Requirement:
Given the records below, the lines starting at the line with "Rev Professor Eamonn" and ending at the line with "Deze documentenset uit" should be output exactly, both end lines kept and pictures left out.
BEGIN Records for this task
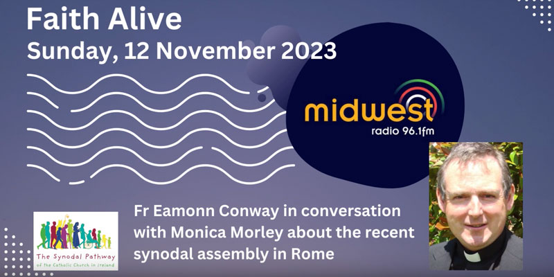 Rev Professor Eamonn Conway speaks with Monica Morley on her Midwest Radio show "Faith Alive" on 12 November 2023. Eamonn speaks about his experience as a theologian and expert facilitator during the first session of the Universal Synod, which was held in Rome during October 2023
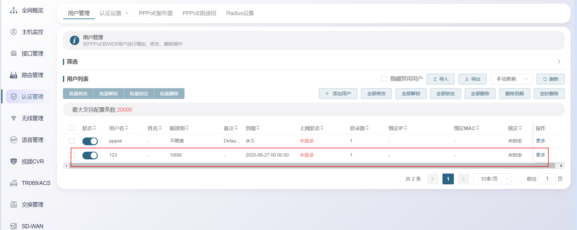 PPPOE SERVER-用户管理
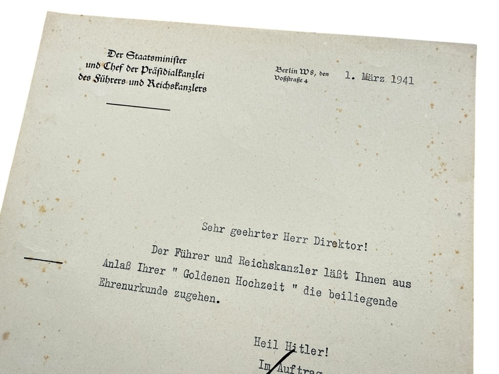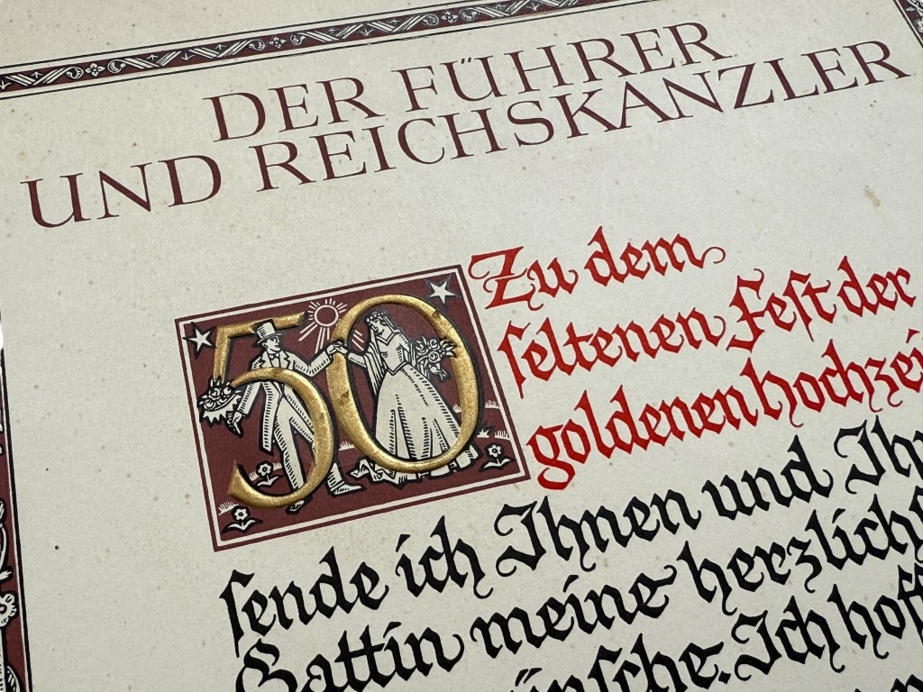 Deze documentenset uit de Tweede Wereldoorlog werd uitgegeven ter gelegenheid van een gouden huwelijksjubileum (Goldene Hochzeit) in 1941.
END Records for this task
BEGIN Records for this task
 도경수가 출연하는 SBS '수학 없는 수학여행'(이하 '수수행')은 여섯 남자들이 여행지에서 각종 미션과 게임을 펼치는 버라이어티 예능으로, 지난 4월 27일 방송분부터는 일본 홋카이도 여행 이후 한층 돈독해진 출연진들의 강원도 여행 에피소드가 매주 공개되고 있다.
END Records for this task
Answer for this exercise:
 Rev Professor Eamonn Conway speaks with Monica Morley on her Midwest Radio show "Faith Alive" on 12 November 2023. Eamonn speaks about his experience as a theologian and expert facilitator during the first session of the Universal Synod, which was held in Rome during October 2023
 PPPOE SERVER-用户管理
 Deze documentenset uit de Tweede Wereldoorlog werd uitgegeven ter gelegenheid van een gouden huwelijksjubileum (Goldene Hochzeit) in 1941.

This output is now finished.